→ What is needed:
Below are some records. Return exactly the lines from the one containing "大好評のメンバー様限定無料メニューが新しくなりました。" through the one containing "Coeur de lumière", both included, and only those.

→ Exercise materials:
★ ★ ★ ★

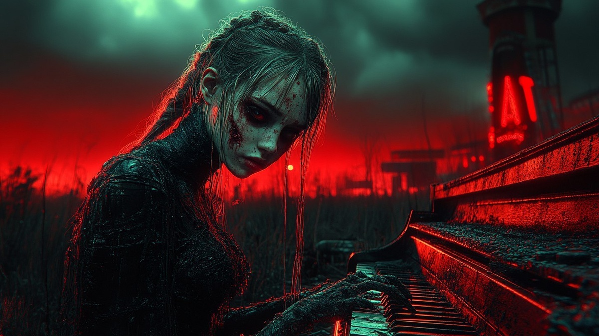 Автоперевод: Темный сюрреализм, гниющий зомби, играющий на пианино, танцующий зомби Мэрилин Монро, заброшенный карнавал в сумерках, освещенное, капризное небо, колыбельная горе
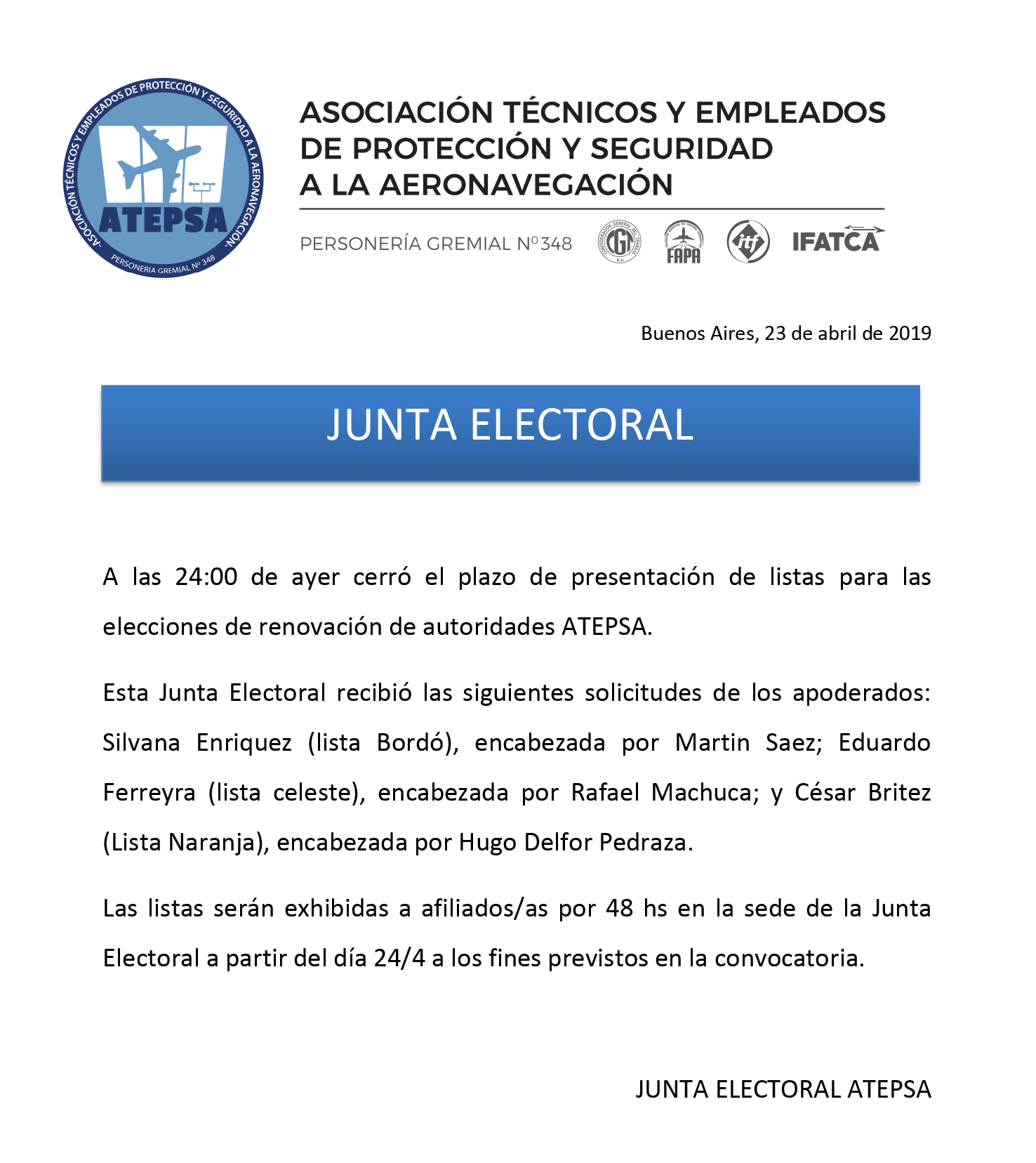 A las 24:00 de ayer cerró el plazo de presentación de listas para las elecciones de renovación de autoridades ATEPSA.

★ ★ ★ ★

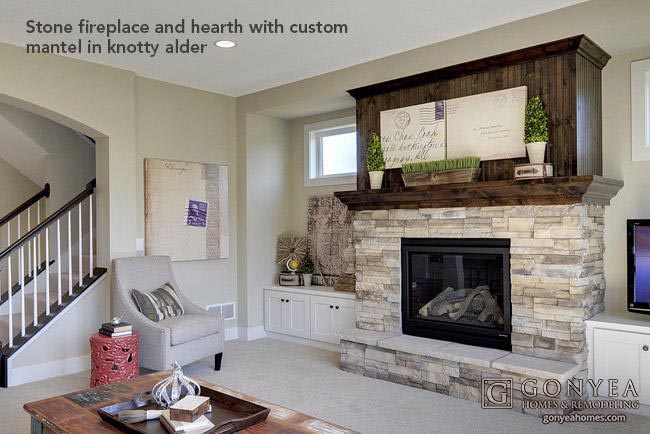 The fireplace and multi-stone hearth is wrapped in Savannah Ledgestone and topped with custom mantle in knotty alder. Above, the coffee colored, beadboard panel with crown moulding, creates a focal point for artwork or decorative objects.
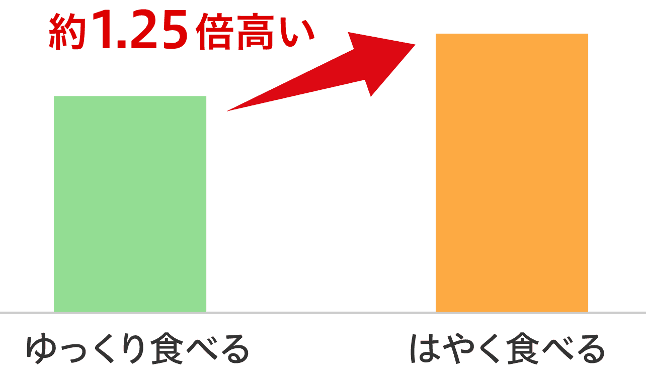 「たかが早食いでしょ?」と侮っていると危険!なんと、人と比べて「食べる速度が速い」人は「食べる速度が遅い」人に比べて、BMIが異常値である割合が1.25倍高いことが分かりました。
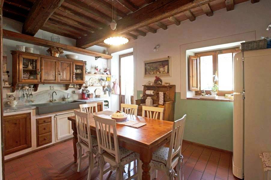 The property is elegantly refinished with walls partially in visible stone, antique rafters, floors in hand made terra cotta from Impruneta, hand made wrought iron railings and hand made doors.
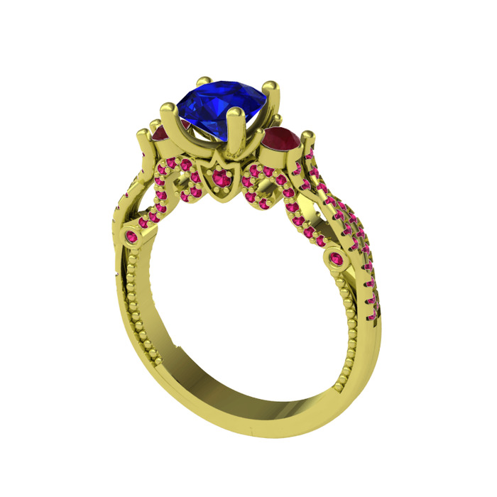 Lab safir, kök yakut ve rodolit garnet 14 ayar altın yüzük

★ ★ ★ ★

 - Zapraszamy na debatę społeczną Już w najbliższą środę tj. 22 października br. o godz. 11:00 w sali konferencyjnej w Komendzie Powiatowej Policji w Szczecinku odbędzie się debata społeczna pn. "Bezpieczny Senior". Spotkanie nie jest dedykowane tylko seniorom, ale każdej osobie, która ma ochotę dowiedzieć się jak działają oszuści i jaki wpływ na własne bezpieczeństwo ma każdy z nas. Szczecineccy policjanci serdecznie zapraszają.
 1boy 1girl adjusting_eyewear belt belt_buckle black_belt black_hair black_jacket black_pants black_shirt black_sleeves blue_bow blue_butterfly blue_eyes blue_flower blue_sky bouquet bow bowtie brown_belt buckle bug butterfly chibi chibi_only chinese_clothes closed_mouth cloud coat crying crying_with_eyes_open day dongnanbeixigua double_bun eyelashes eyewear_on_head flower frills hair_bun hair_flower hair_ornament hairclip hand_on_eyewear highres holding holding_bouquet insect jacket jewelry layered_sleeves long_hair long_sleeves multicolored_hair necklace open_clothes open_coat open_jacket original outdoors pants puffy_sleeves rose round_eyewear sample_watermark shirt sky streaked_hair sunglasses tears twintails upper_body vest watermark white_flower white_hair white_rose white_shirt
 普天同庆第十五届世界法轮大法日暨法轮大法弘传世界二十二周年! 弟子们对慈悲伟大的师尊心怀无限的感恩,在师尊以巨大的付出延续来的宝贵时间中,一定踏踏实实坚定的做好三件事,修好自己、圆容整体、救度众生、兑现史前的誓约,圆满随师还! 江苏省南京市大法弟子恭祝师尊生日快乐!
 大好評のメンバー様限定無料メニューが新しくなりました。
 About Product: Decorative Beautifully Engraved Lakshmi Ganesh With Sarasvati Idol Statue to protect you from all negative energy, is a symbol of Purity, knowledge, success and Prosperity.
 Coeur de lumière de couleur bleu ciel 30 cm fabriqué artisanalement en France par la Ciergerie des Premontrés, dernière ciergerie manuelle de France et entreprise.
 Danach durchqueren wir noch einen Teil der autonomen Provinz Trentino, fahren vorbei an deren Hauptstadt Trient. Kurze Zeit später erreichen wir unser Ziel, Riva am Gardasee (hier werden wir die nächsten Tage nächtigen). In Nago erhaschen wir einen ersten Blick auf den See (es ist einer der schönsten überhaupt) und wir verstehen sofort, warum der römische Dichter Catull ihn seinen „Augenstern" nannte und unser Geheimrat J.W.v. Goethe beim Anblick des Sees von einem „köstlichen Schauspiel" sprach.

★ ★ ★ ★

→ Answer below:
 大好評のメンバー様限定無料メニューが新しくなりました。
 About Product: Decorative Beautifully Engraved Lakshmi Ganesh With Sarasvati Idol Statue to protect you from all negative energy, is a symbol of Purity, knowledge, success and Prosperity.
 Coeur de lumière de couleur bleu ciel 30 cm fabriqué artisanalement en France par la Ciergerie des Premontrés, dernière ciergerie manuelle de France et entreprise.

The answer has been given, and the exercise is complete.